Your reply should reproduce each line below exactly and carry none of the pictures.

(Collected data)

------------------------------------

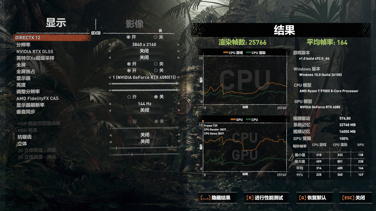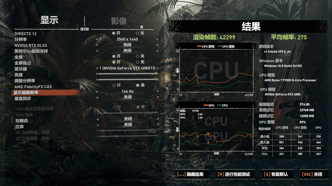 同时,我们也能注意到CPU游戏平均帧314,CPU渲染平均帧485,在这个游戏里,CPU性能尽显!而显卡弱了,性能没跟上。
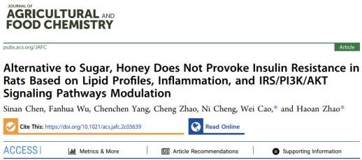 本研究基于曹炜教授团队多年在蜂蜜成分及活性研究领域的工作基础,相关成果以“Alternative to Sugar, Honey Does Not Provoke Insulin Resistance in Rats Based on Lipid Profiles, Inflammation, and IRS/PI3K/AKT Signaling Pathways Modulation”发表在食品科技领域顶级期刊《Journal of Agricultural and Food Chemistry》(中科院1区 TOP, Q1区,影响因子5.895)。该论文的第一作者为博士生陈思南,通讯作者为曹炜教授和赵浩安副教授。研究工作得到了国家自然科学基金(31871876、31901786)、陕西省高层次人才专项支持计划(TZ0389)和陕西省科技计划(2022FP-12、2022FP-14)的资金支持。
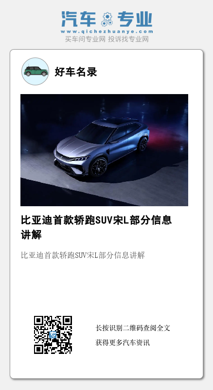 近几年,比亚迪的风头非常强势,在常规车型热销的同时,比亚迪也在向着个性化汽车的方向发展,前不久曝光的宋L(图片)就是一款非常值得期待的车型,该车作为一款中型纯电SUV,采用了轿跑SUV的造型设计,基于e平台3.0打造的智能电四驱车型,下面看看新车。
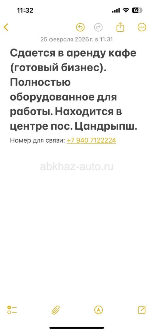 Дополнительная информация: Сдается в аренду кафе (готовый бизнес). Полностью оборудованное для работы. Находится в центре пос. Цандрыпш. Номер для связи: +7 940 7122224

------------------------------------

(Exercise result)
 同时,我们也能注意到CPU游戏平均帧314,CPU渲染平均帧485,在这个游戏里,CPU性能尽显!而显卡弱了,性能没跟上。
 本研究基于曹炜教授团队多年在蜂蜜成分及活性研究领域的工作基础,相关成果以“Alternative to Sugar, Honey Does Not Provoke Insulin Resistance in Rats Based on Lipid Profiles, Inflammation, and IRS/PI3K/AKT Signaling Pathways Modulation”发表在食品科技领域顶级期刊《Journal of Agricultural and Food Chemistry》(中科院1区 TOP, Q1区,影响因子5.895)。该论文的第一作者为博士生陈思南,通讯作者为曹炜教授和赵浩安副教授。研究工作得到了国家自然科学基金(31871876、31901786)、陕西省高层次人才专项支持计划(TZ0389)和陕西省科技计划(2022FP-12、2022FP-14)的资金支持。
 近几年,比亚迪的风头非常强势,在常规车型热销的同时,比亚迪也在向着个性化汽车的方向发展,前不久曝光的宋L(图片)就是一款非常值得期待的车型,该车作为一款中型纯电SUV,采用了轿跑SUV的造型设计,基于e平台3.0打造的智能电四驱车型,下面看看新车。
 Дополнительная информация: Сдается в аренду кафе (готовый бизнес). Полностью оборудованное для работы. Находится в центре пос. Цандрыпш. Номер для связи: +7 940 7122224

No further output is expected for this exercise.